In the entries that follow, the lines from the line containing "設計では、OPT(Tr製PA" up to and including the line containing "(250623) -- LAUSANA, 23" must be copied exactly, with pictures omitted.

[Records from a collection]
◆ ◆ ◆

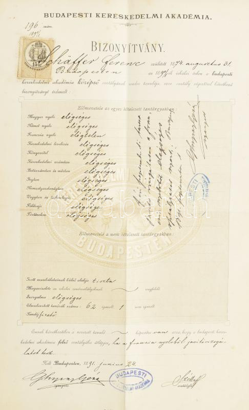 1891 A Budapesti Kereskedelmi Akadémia végbizonyítványa okmánybélyegge...
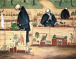 В искусстве образ смерти чаще всего представляют в виде костлявого существа (живого скелета) в чёрном балахоне с косой. В Европе до раннего Средневековья и начала монополии христианской церкви в вопросах погребения, индивидуализации смерти и превалирования христианских ритуалов над народными обрядами покойников изображали в виде иссушённых, обескровленных трупов. Постепенное усиление темы страха смерти и загробной жизни, призывов к покаянию, распространение макабра превратили образ смерти из высохшего тела в зловещий остов, живой человеческий скелет[15].
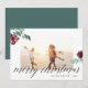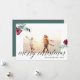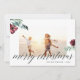 La tarjeta fotográfica navideña sencilla y de moda incluye su foto familiar favorita enmarcada por una espesa frontera blanca, con "Feliz Navidad" colocada en la parte inferior en letras modernas de caligrafía. Flores acuáticas y vegetación en rojo y verde festivo completan el diseño. Personalice su nombre y el año de abajo a la derecha. Las tarjetas cambian a verde picante sólido.
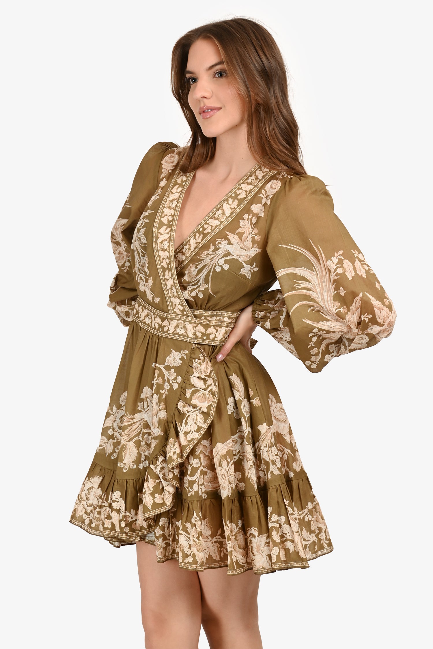 Refresh availabilityZimmermann Green Cotton Floral Printed Mini Wrap Dress. Slip-on. V-neckline. Wrap-style front with self-tie waist closure. 2 side seam pockets. Gathered shoulders with elasticized cuffs. Unlined. Tonal stitching.
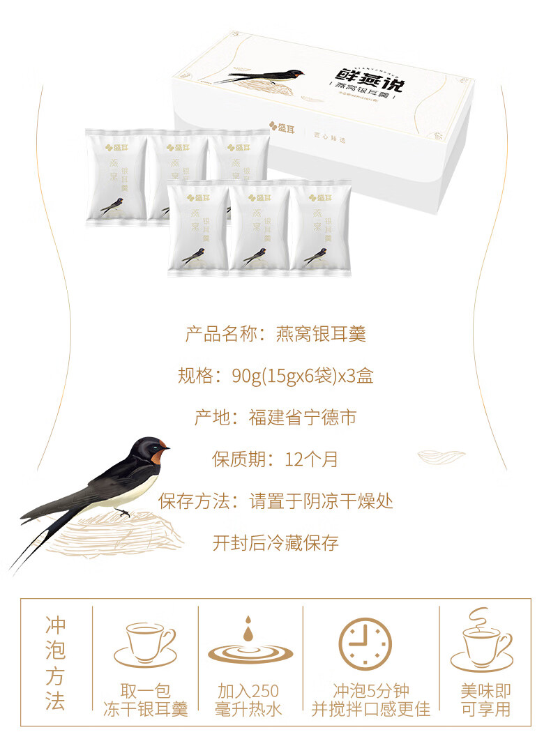 盛耳 冻干燕窝银耳羹3盒装
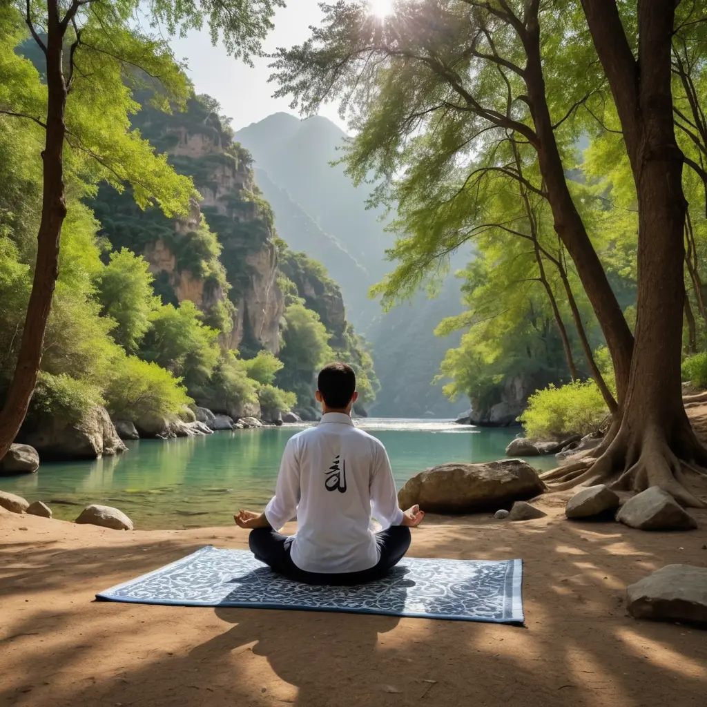 شخص يتأمل في مكان طبيعي أجعلها تحمل نوعاً من العقلانية أضف لها خط عربي
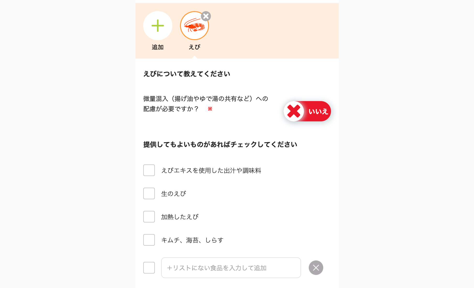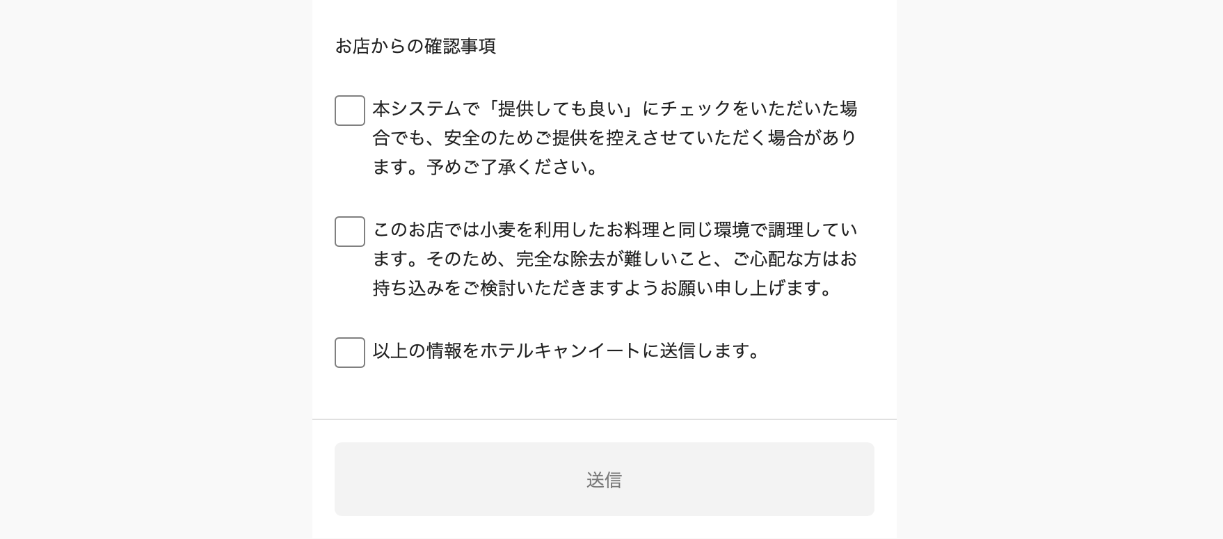 「食べられないもの」はもちろん、「提供してよいもの」の情報を集めることもできるため、代替食の提案にも活用可能。ゲストの申請画面に表示する確認事項や注意事項も自由に設定できるため、施設のキッチン事情に適した形でご利用いただけます。
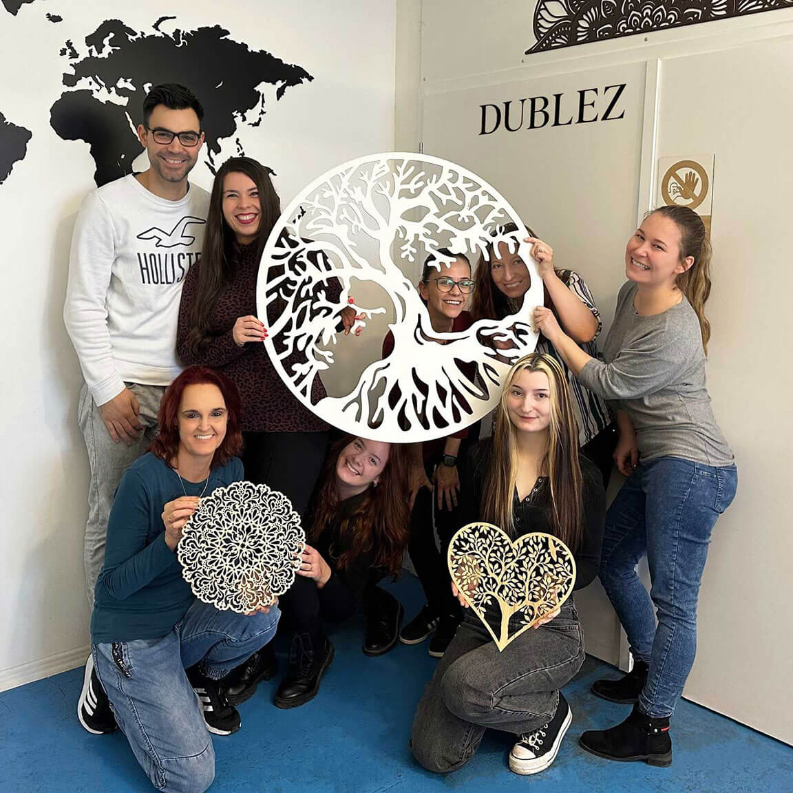 În spatele brandului DUBLEZ stă o echipă tânără de oameni care iubesc designul și materialele naturale încă din 2018. Producem accesorii din lemn pentru casă, decorațiuni de nuntă, decorațiuni pentru tort și articole de cadouri. Încercăm să aducem frumusețe în casele oamenilor, plăcere și simbolism ascuns cu povestea.
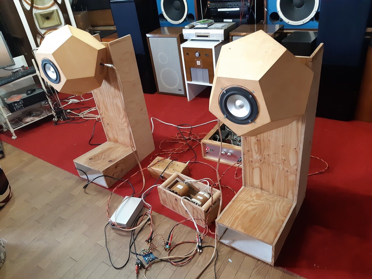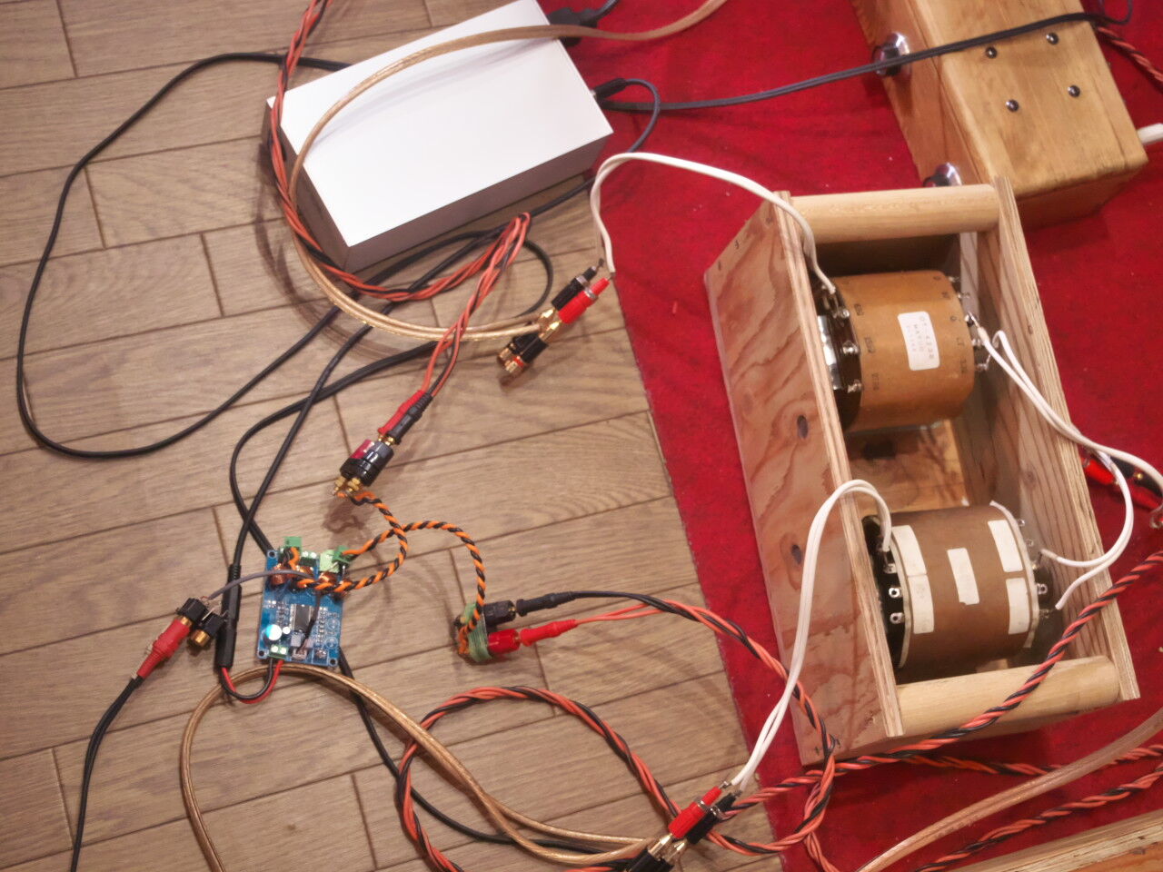 設計では、OPT(Tr製PA用アンプから流用)を内蔵する計画でしたが先日の三田オーディオ研究会でOPT無しでも十分鑑賞に耐ええたので、暫くはOPT無しで聞くことにします。
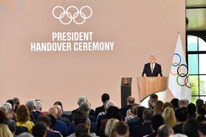 (250623) -- LAUSANA, 23 junio, 2025 (Xinhua) -- El presidente saliente del COI, Thomas Bach, habla durante una ceremonia de...
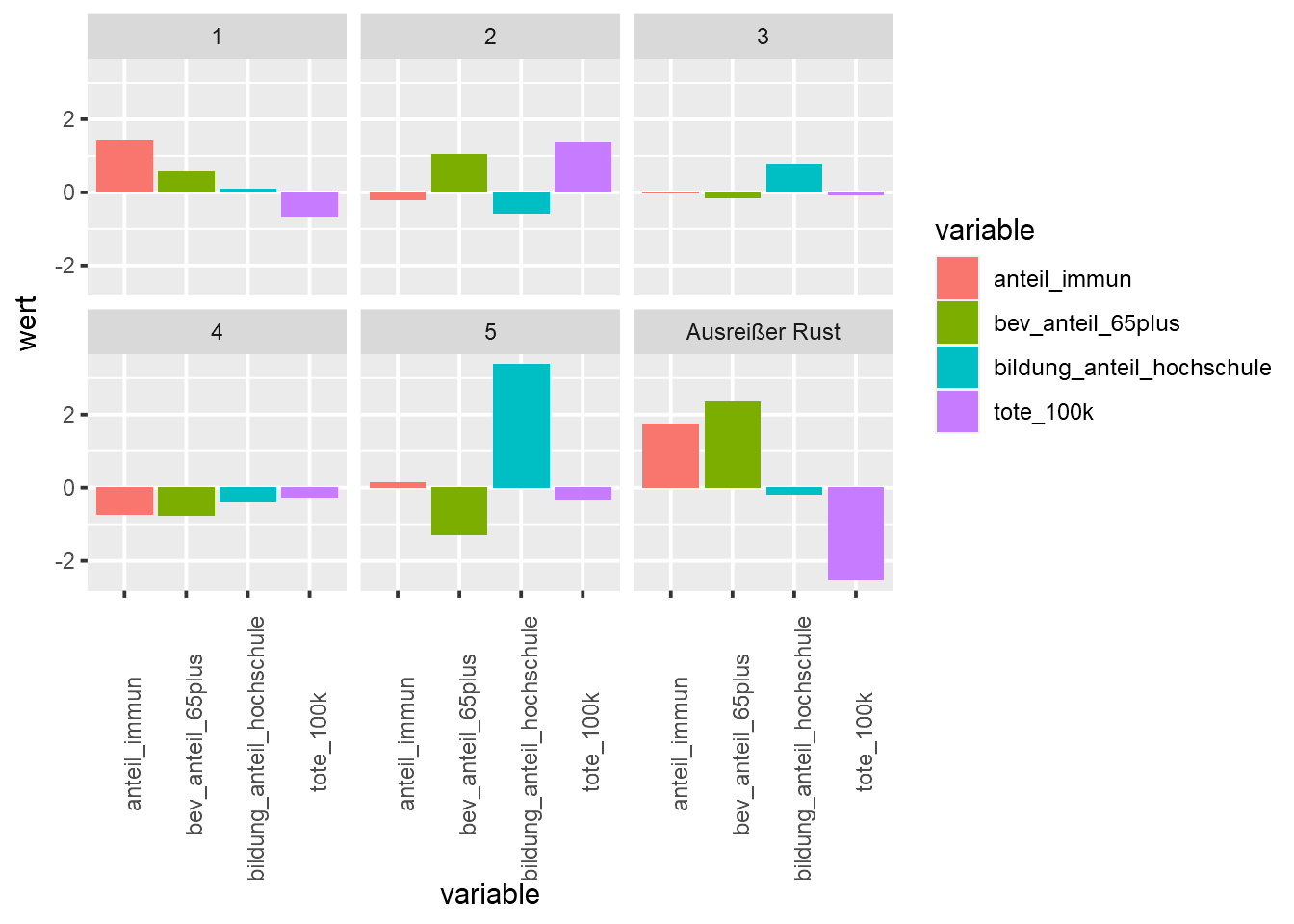 Vermutlich nicht, da diese Operationalisierung primär durch den Wunsch geprägt ist, den aus den Kapitel 5 und 6 bekannten Datensatz erneut zu nutzen. Dementsprechend finden Indikatoren wie beispielsweise regionale Inzidenzen etc. keinen Eingang. Da wir in dieser Einheit den Fokus auf ein methodischen Kennenlernen clusteranalytischer Verfahren legen, wurde auf eine komplexere und validere Operationalisierung verzichtet.
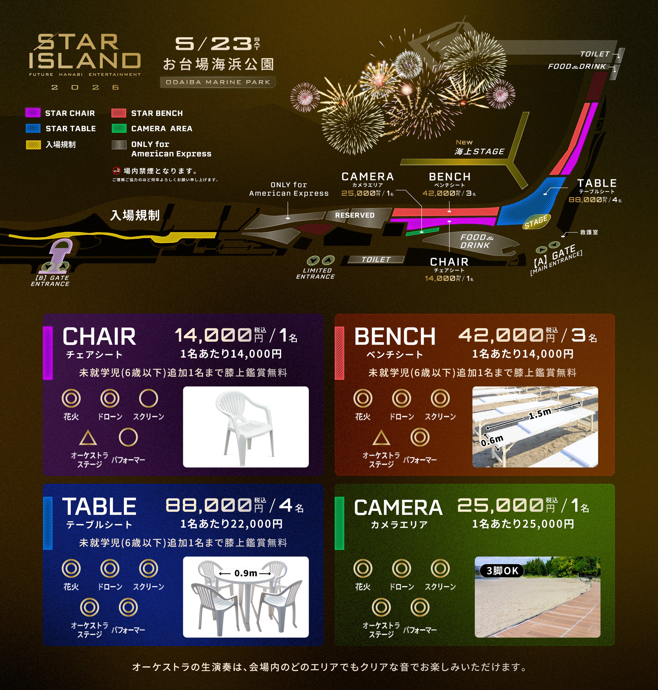 ・STAR BENCH:¥42,000(税込)/1-3名*未就学児(6歳以下)追加1名まで膝上鑑賞無料
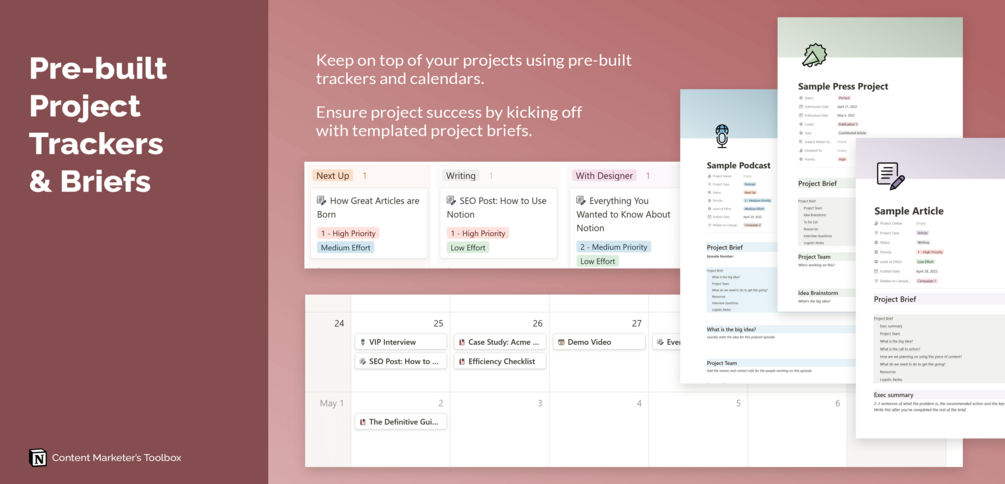 Pre-built project trackers and briefs.
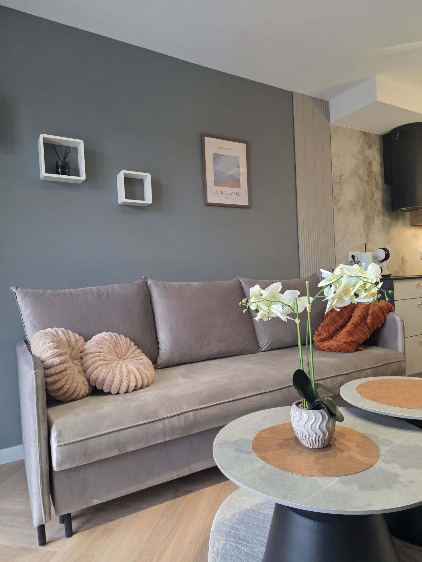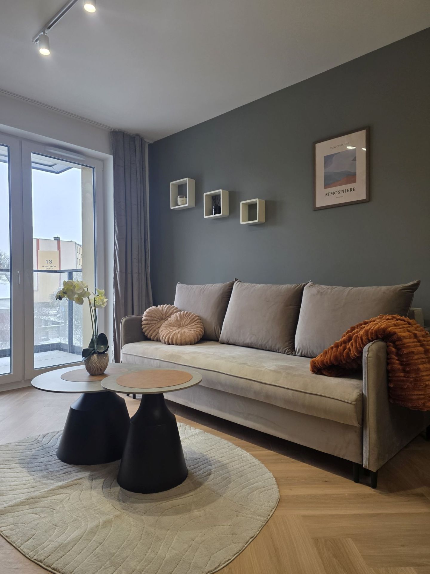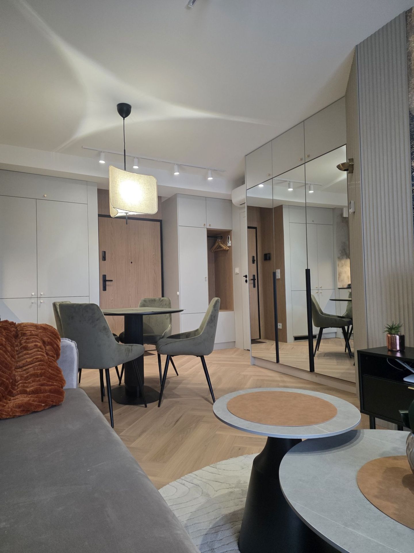 Apartament usytuowany jest w nowoczesnym budynku z windą. Wnętrze zostało zaprojektowane przez topowego białostockiego projektanta, z dbałością o każdy detal, funkcjonalność oraz estetykę. To przestrzeń stworzona z myślą o wygodzie zarówno gości biznesowych, jak i turystów.

◆ ◆ ◆

Solution for this problem:
 設計では、OPT(Tr製PA用アンプから流用)を内蔵する計画でしたが先日の三田オーディオ研究会でOPT無しでも十分鑑賞に耐ええたので、暫くはOPT無しで聞くことにします。
 (250623) -- LAUSANA, 23 junio, 2025 (Xinhua) -- El presidente saliente del COI, Thomas Bach, habla durante una ceremonia de...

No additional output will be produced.